Avossa, whose current base salary is $325,000, ranks as the fourth-highest-paid superintendent among the nation’s largest school districts, according to a school district study.

The board decided in December to postpone a discussion of Avossa’s raise until a public meeting on Feb. 1. Instead, the discussion emerged Wednesday at an informal board retreat, one that was also public but wasn’t televised and for which no agenda was posted ahead of time.

Typically, board retreats — which are held away from the school district headquarters — are occasions for informal, free-wheeling discussions of organizational matters, not substantive policy debates.

On its website, the school board provided no agenda for the meeting, only a general description of the event as one in which the superintendent and board members would “participate in a facilitated Retreat/Workshop.”

Only at the retreat itself — in a meeting room at Palm Beach State College’s Lake Worth campus — did the school board make available copies of a detailed meeting agenda, one that included a planned discussion labeled “Superintendent’s Contract.”

Board members disagreed somewhat about whether Avossa’s raises should be tied to specific statistics, such as student test scores or graduation rates.

Board member Erica Whitfield said imposing performance goals in order for Avossa to receive raises could create pressures that “flow down” to teachers and students, adding stress to classrooms across the county.

“It’s not the kind of district that I’m really going for,” Whitfield said. “I don’t think we should tie it so directly to the academic achievement.”

Board members Marcia Andrews and Debra Robinson disagreed, calling for requiring the district to meet specific goals in order for Avossa to receive raises.

“I cannot live with automatic,” Robinson said. “I cannot live with automatic.”

Avossa countered, however, that the raises would not be automatic if they are predicated on his receiving high marks on his annual job evaluations.

Shaw, who will draft the proposal, said afterward that he expected to tie the raises to Avossa’s evaluations.

In December, Avossa told board members that he preferred to forgo a raise this year, saying the debate had become a distraction.
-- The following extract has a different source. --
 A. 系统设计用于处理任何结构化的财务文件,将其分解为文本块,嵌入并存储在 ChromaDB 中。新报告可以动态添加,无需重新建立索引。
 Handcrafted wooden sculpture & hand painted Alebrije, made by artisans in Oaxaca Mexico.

On Wednesday, though, he told board members he does want a raise, along with a rolling five-year contract.

He pointed out that Gent and previous superintendents had similar provisions, assuring them the possibility of pay raises each year without high-profile school board votes.
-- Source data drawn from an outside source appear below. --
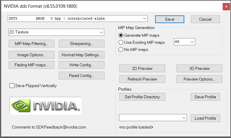 In order to be able to load and save DDS textures in Photoshop, you will need to download and install the NVIDIA Texture Tools for Adobe Photoshop.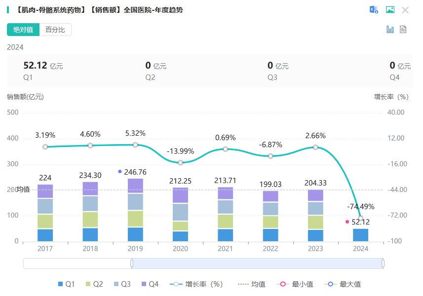 艾地骨化醇软胶囊原研来自中外制药株式会社,用于治疗骨质疏松症,作为国际公认的最新一代活性维生素D类似物,相较骨化三醇、α-骨化醇能为骨质疏松患者治疗带来更精准、优效的解决方案。原研的艾地骨化醇软胶囊于2020年进入国内市场,2022年以后国产仿制药陆续上市,加剧了市场竞争。据药融云数据库显示,2023年肌肉-骨骼系统药物(化药或生物药)在全国院内销售额超200亿元。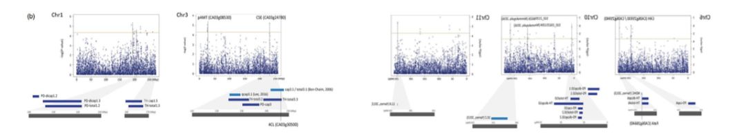 QTL定位結果:利用120個(gè)PD單株構建的重測序遺傳圖譜和3個(gè)環(huán)境下的56個(gè)單株表型數據定位到22個(gè)QTL位點(diǎn)。其中LOD值最高的是PD-dicap1.1 (LOD=8.7),表型變異率(R2)最高的是PD-dicap10.2 (28.8%)。同樣地,85個(gè)TH單株構建的簡(jiǎn)化圖譜和2個(gè)環(huán)境的表型數據定位到22個(gè)QTL位點(diǎn)。其中LOD值(LOD=9.9)和R2(18.8%)最高的都是TH-cap2.2。兩者分析時(shí)均用CM334作為參考基因組,因此可以對2個(gè)群體的QTL定位結果進(jìn)行比較,發(fā)現PD群體的9個(gè)QTL位點(diǎn)與TH群體的7個(gè)QTL位點(diǎn)的物理位置重疊。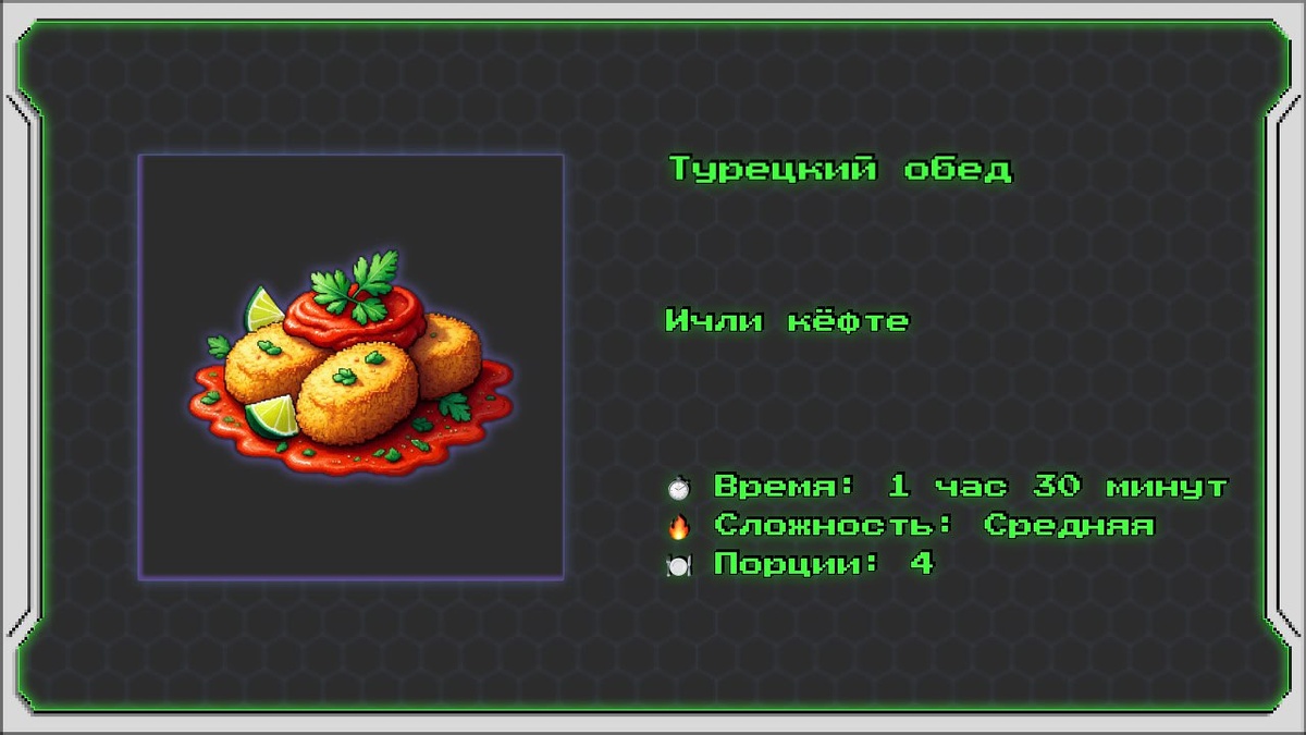 Турецкий обед Ичли кёфте (кёфте с начинкой из фарша и орехов) Этот рецепт представляет собой традиционное турецкое блюдо — ичли кёфте, которое состоит из внешнего слоя из булгура и внутренней начинки из мясного фарша с орехами. Это сытное и ароматное блюдо идеально подходит для обеда и отражает богатство турецкой кухни. Информация о рецепте: ⏱️ Время: 1 час 30 минут 🔥 Сложность: Средняя 🍽 Порции: 4 Ингредиенты: Для внешнего слоя: • 🌾 Булгур (мелкий) — 200 г • 💧 Вода (горячая) — 400 мл • 🫒 Оливковое масло — 2 столовые ложки • 🧂 Соль — по вкусу Для начинки: • 🥩 Говяжий или бараний фарш — 300 г • 🌰 Грецкие орехи (мелко рубленые) — 50 г • 🧄 Чеснок (измельчённый) — 2 зубчика • 🌶 Паприка молотая — 1 чайная ложка • 🌿 Молотый кориандр — ½ чайной ложки • 🧂 Соль — по вкусу • 🌶 Молотый чёрный перец — по вкусу Для соуса: • 🍅 Томатная паста — 2 столовые ложки • 💧 Вода — 200 мл • 🌿 Молотый кориандр — щепотка Для подачи: • 🌿 Петрушка свежая — для украшения • 🍋 Дольки ли
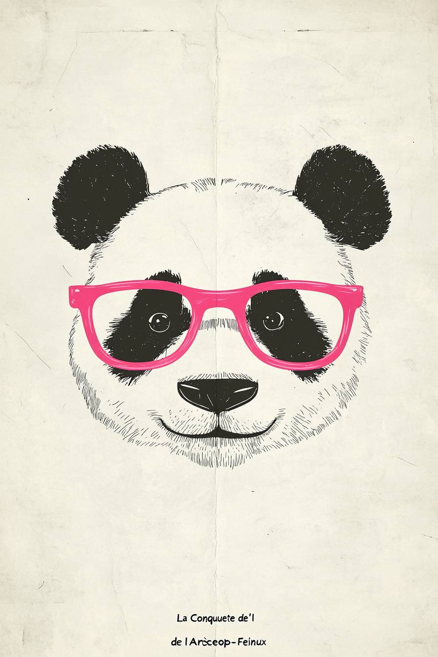 A cute panda wearing red-framed glasses in a minimalist drawing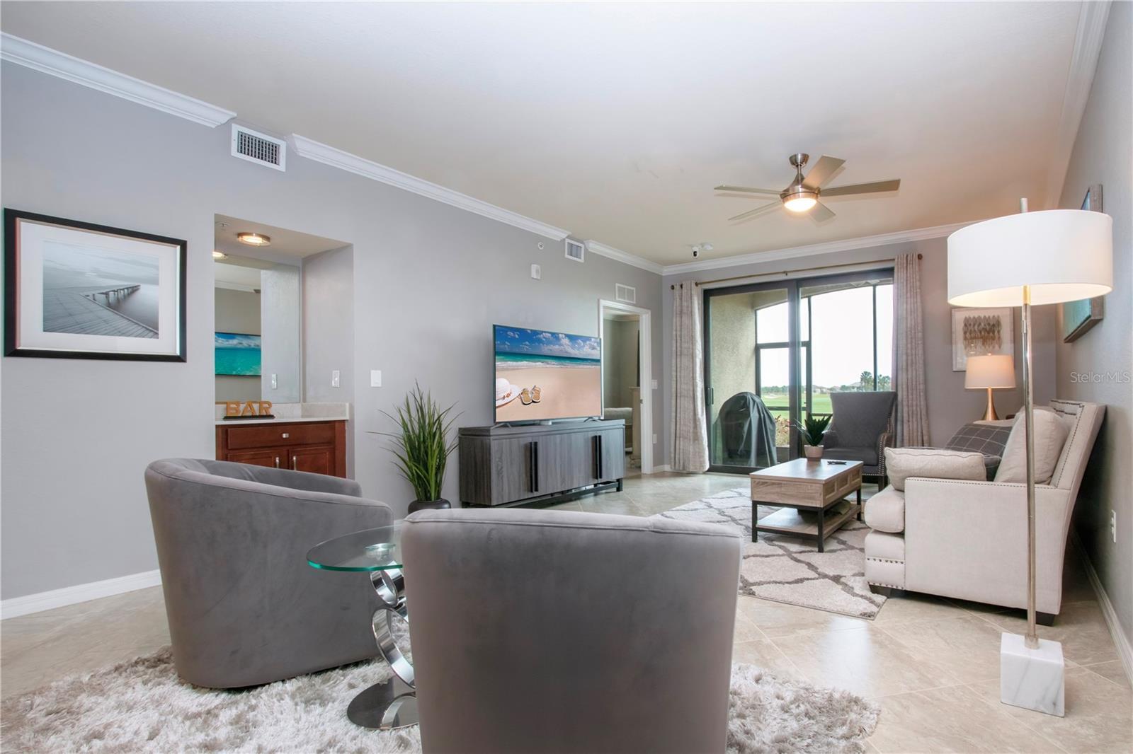 - Ceiling Fans(s), Crown Molding, Eat-in Kitchen, Living Room/Dining Room Combo, Primary Bedroom Main Floor, Thermostat, Window Treatments

After the meeting, he said that he hoped the issue can be resolved quickly.

“I certainly don’t want it to be a distraction,” he said. “We have so many other things to focus on.”

Shaw said that he would work with the school board’s attorneys on a formal proposal for the board to approve on Feb. 22. He said amending Avossa’s contract would be an important move after years of turnover at the district’s highest levels.

“We have stability in the district and we have leadership,” he said.

Even with a contract that automatically renews, Avossa still could be terminated with agreement from at least five board members.